### RECORD EXCERPTS
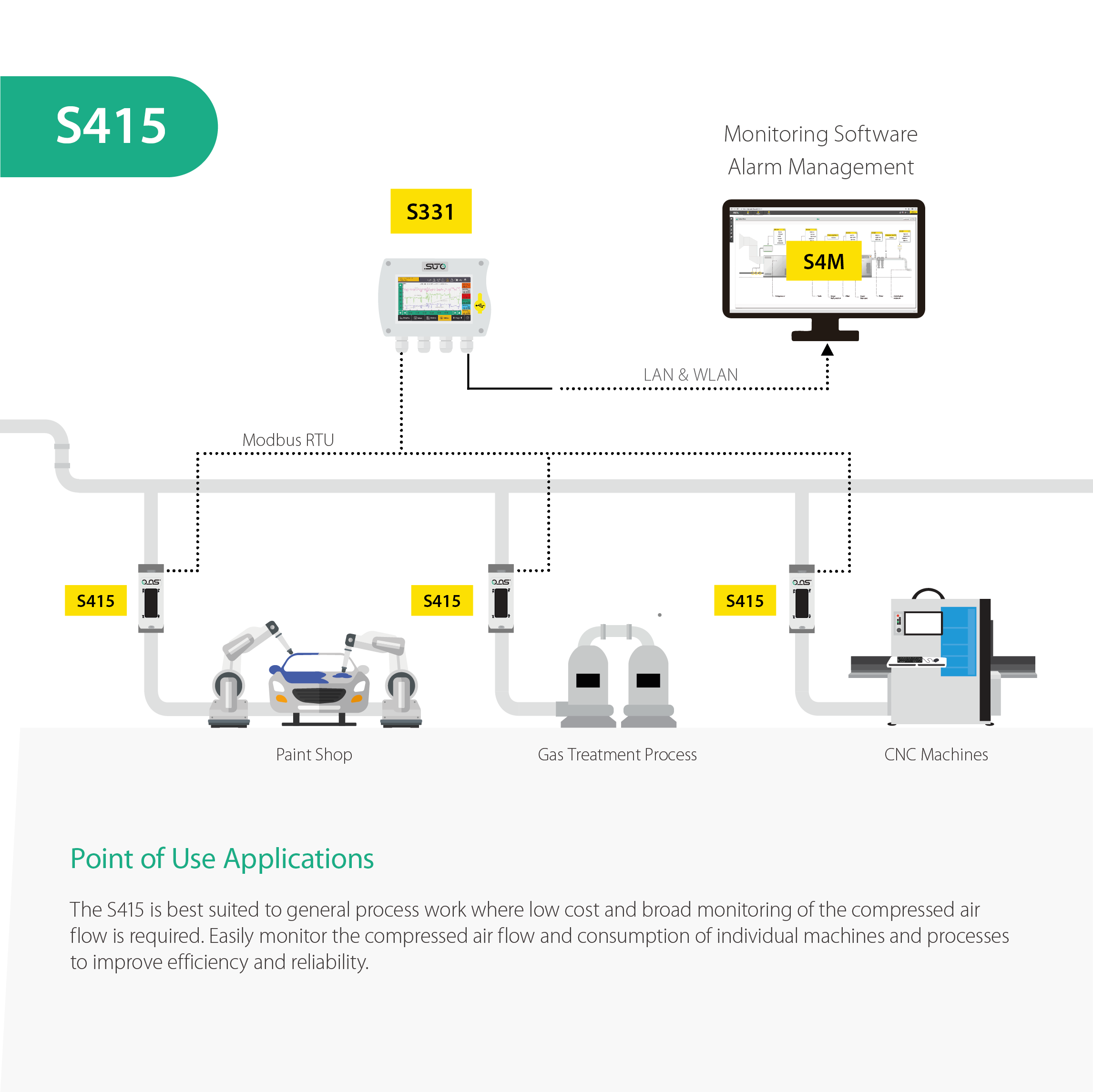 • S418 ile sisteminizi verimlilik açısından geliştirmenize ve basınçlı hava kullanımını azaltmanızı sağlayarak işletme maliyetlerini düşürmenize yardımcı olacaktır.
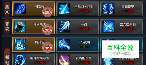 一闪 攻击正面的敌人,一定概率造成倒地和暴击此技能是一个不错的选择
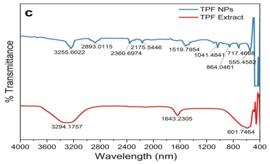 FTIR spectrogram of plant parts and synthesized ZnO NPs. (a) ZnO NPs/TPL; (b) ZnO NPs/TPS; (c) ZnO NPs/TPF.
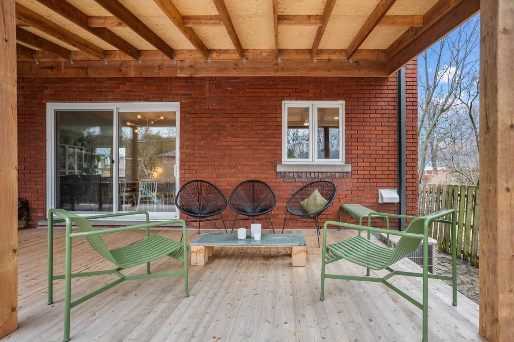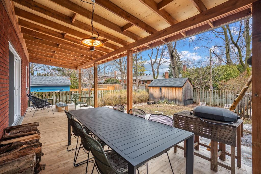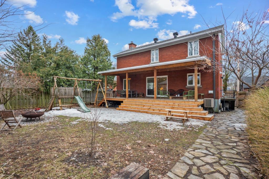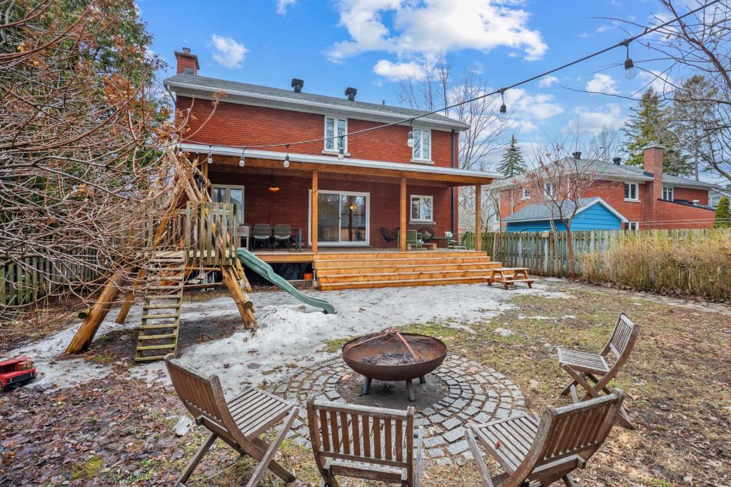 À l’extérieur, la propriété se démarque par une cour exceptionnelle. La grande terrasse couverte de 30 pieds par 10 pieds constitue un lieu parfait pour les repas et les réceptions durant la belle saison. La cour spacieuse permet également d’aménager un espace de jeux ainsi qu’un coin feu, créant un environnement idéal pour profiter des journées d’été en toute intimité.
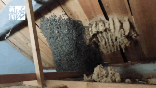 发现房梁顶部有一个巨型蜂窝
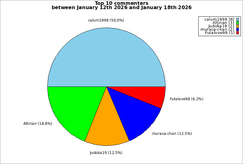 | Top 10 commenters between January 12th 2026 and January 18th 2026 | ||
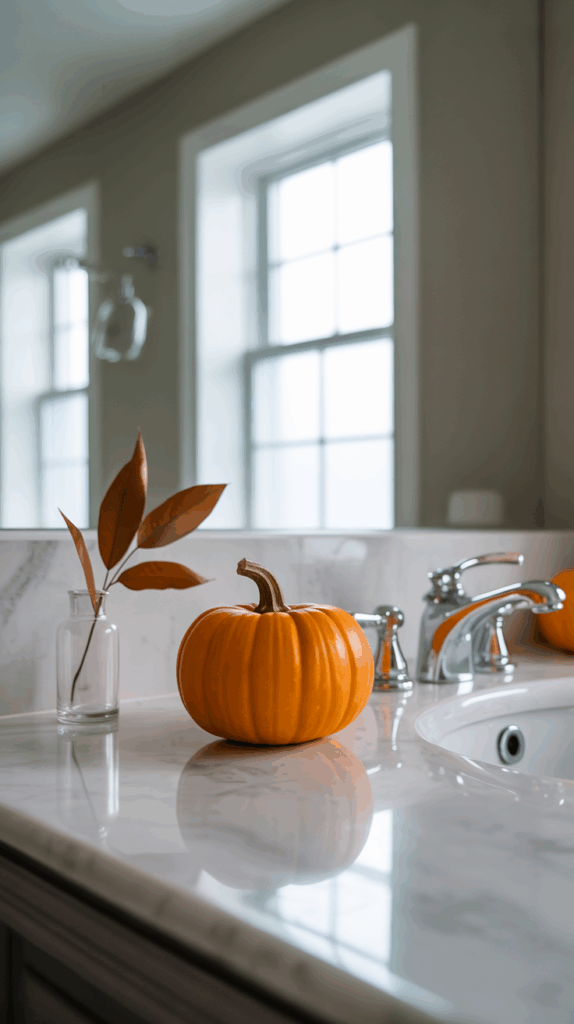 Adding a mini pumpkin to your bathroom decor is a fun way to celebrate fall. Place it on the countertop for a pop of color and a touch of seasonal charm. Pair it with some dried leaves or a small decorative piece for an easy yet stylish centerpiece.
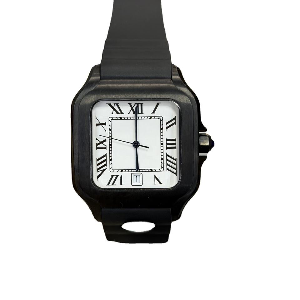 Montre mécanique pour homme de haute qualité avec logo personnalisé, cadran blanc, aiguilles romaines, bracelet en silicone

...

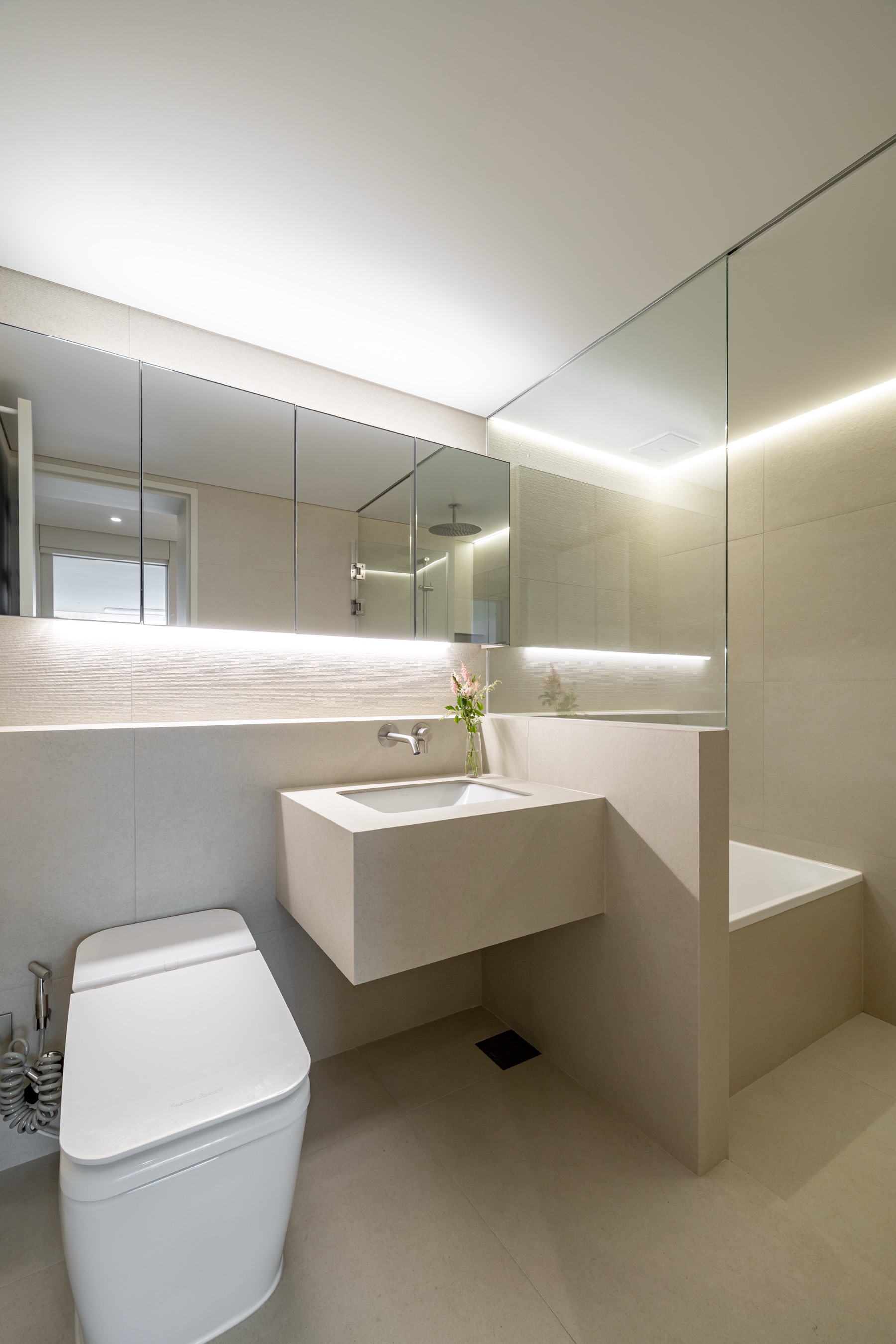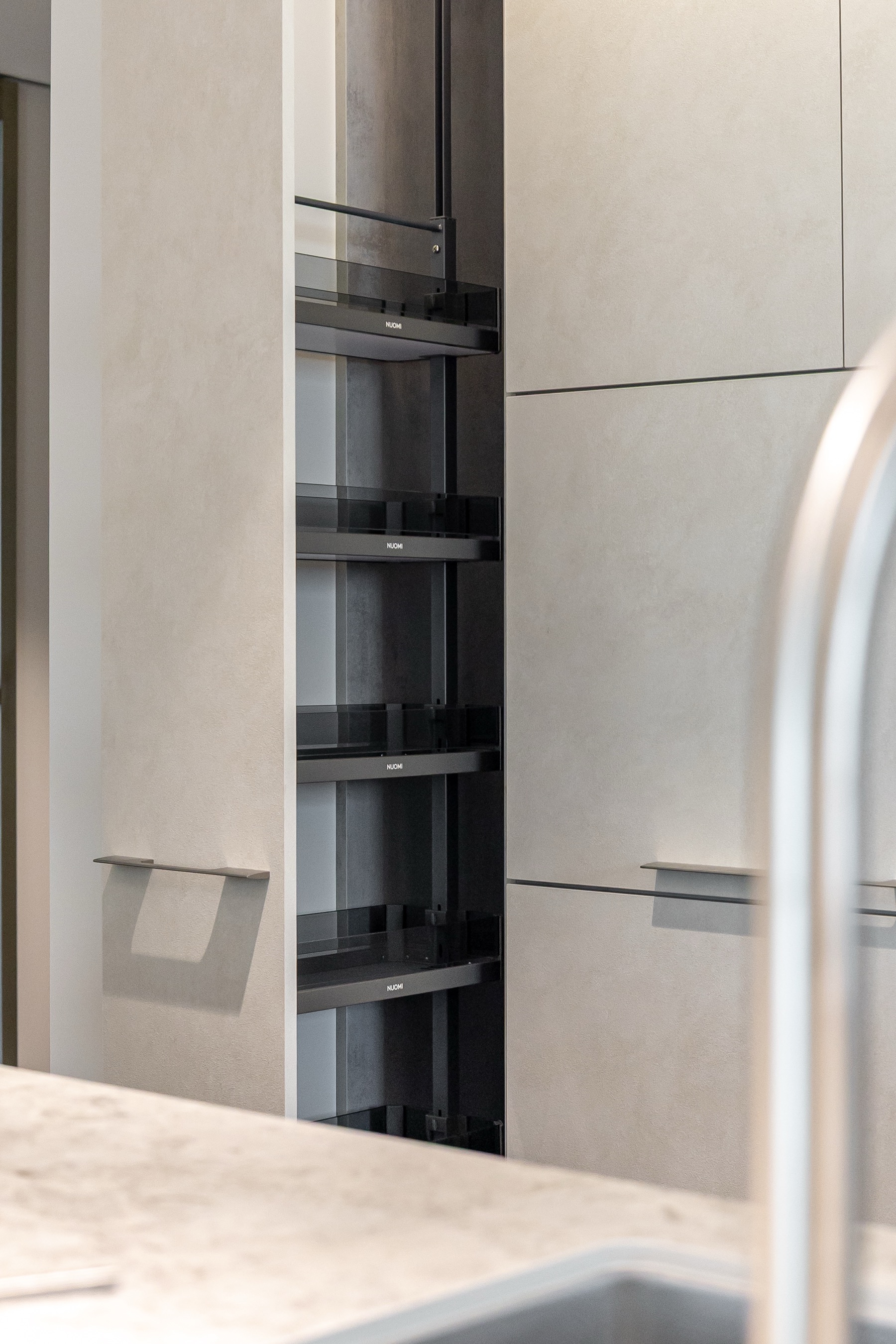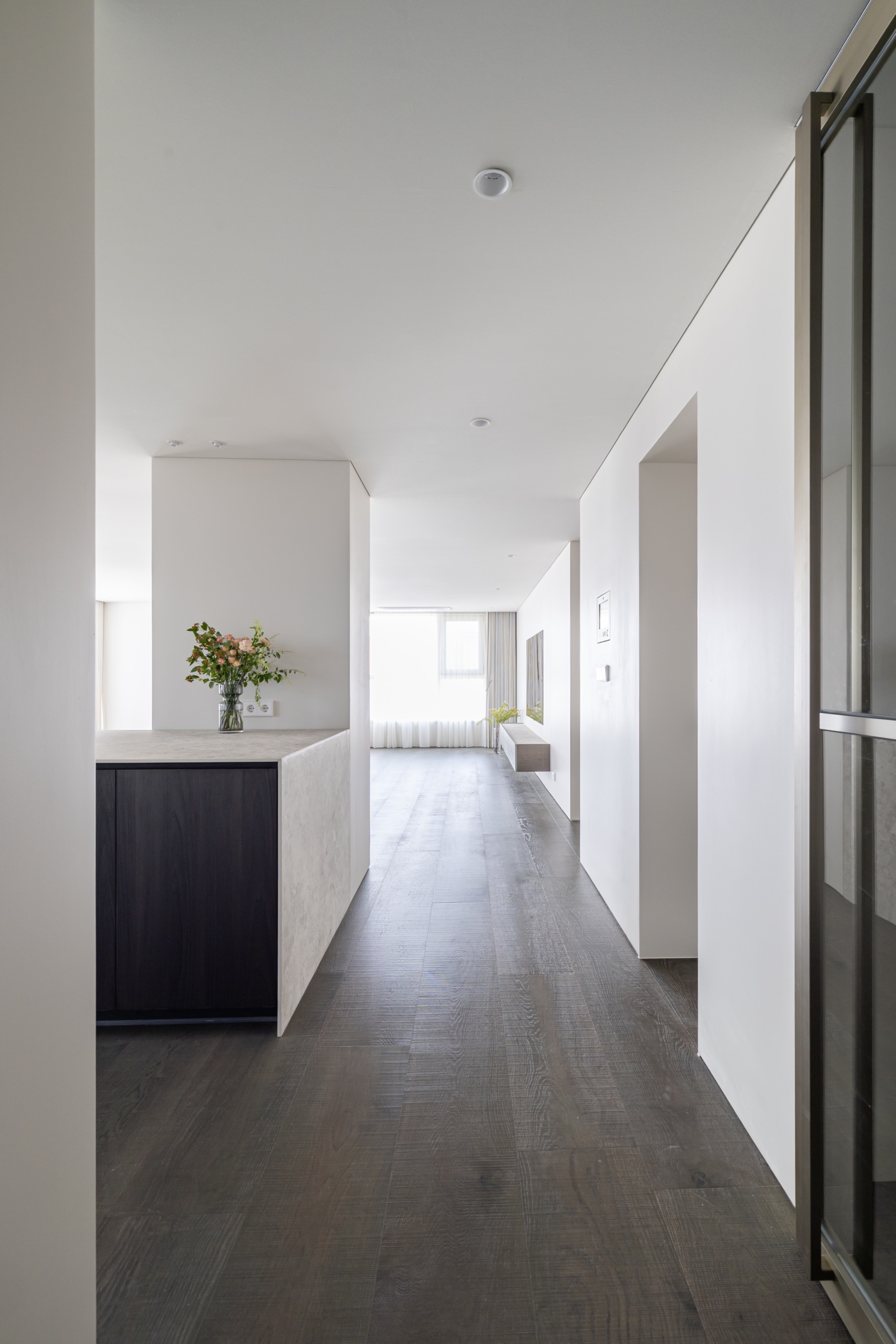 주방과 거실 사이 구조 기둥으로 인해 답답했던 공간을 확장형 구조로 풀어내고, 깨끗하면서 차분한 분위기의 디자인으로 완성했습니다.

### YOUR OBJECTIVE
Would you copy the lines above exactly, starting with the one that has "18th 2026 | ||" and ending with the one that has "Adding a mini", both included, without the pictures?

### EXERCISE RESULT
 | Top 10 commenters between January 12th 2026 and January 18th 2026 | ||
 Adding a mini pumpkin to your bathroom decor is a fun way to celebrate fall. Place it on the countertop for a pop of color and a touch of seasonal charm. Pair it with some dried leaves or a small decorative piece for an easy yet stylish centerpiece.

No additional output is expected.